14. Le Conseil régional de Kanto du Syndicat japonais des chantiers navals et de la construction mécanique a fait parvenir des commentaires dans une lettre du 1er octobre 1999 qui fait mention des mesures que l’Etat de Californie (Etats-Unis) a prises. Il indique que cet Etat a adopté en juin 1999 une loi qui a repoussé les délais dans lesquels des victimes de travail forcé pendant la seconde guerre mondiale peuvent déposer plainte pour ce motif. En réponse, le gouvernement indique que le Japon et les Etats-Unis conviennent pleinement qu’ils ont déjà réglé les questions en cause dans le Traité de paix de San Francisco. Le gouvernement fait observer que plusieurs anciens prisonniers de guerre originaires des Etats-Unis avaient intenté des actions en justice contre des entreprises japonaises et leurs filiales aux Etats-Unis mais que, le 21 septembre 2000, le Tribunal de district de la Division de San Francisco (district du Nord de la Californie) a rejeté ces plaintes au motif que, en vertu du traité de paix susmentionné, il ne pouvait être donné suite aux demandes d’indemnisation que les Etats-Unis ou ses citoyens formuleraient à l’encontre du Japon. D’autres procédures judiciaires sont en cours mais elles n’ont pas encore été tranchées. La commission a également été informée d’autres poursuites en cours aux Etats-Unis sur ce point mais elle n’a pas eu connaissance de leur issue. Le Syndicat de la construction mécanique a toutefois indiqué que certaines des plaintes intentées contre des entreprises au Japon qui ont bénéficié du travail forcé en temps de guerre (ou qui sont les successeurs de telles entreprises) ont débouché sur des règlements de la part des entreprises, sans qu’il y ait eu reconnaissance de responsabilité.
15. En ce qui concerne les plaintes émanant de survivants indonésiens qui avaient été soumis au travail forcé en Thaïlande et au Myanmar, le gouvernement réitère que cette question a été réglée en vertu d’un Traité global de paix avec le gouvernement de l’Indonésie. Il existe également des indications selon lesquelles plus de 8 000 enfants originaires de Taïwan ont été soumis au travail forcé dans des usines japonaises d’avions de chasse lorsque Taïwan était placé sous l’autorité du Japon. A ce sujet, le gouvernement indique que lui et les autorités de Taïwan étaient sur le point de traiter les questions relatives aux biens et aux plaintes mais qu’il lui a été impossible de le faire après la normalisation de ses relations avec la République populaire de Chine. Le gouvernement a indiqué que, en vertu d’une législation spécifique, il a versé des sommes de «condoléances» aux Taïwanais qui avaient été soldats ou travailleurs civils dans l’armée japonaise.

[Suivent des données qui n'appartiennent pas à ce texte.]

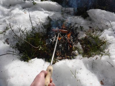Risk Management, bei selbstentfachtem Feuer, Hilfsmittel waren in einem Osterei versteckt, dessen grober Ort auf einer Karte eingezeichnet war. Man beachte den Grillstock, professionell und wiederverwendbar, keine Sorge gehört nicht mir.

16. Au vu des informations susmentionnées, il est manifeste que de nombreux anciens prisonniers et autres personnes estiment encore qu’ils n’ont pas été indemnisés de manière appropriée en vertu des accords internationaux de paix et des autres arrangements existants, et que plusieurs cas sont en instance devant différentes juridictions. Etant donné l’âge des victimes et le fait que le temps passe vite, la commission exprime de nouveau l’espoir que le gouvernement sera en mesure de répondre aux plaintes de ces personnes d’une manière qui soit satisfaisante tant pour les victimes que pour lui.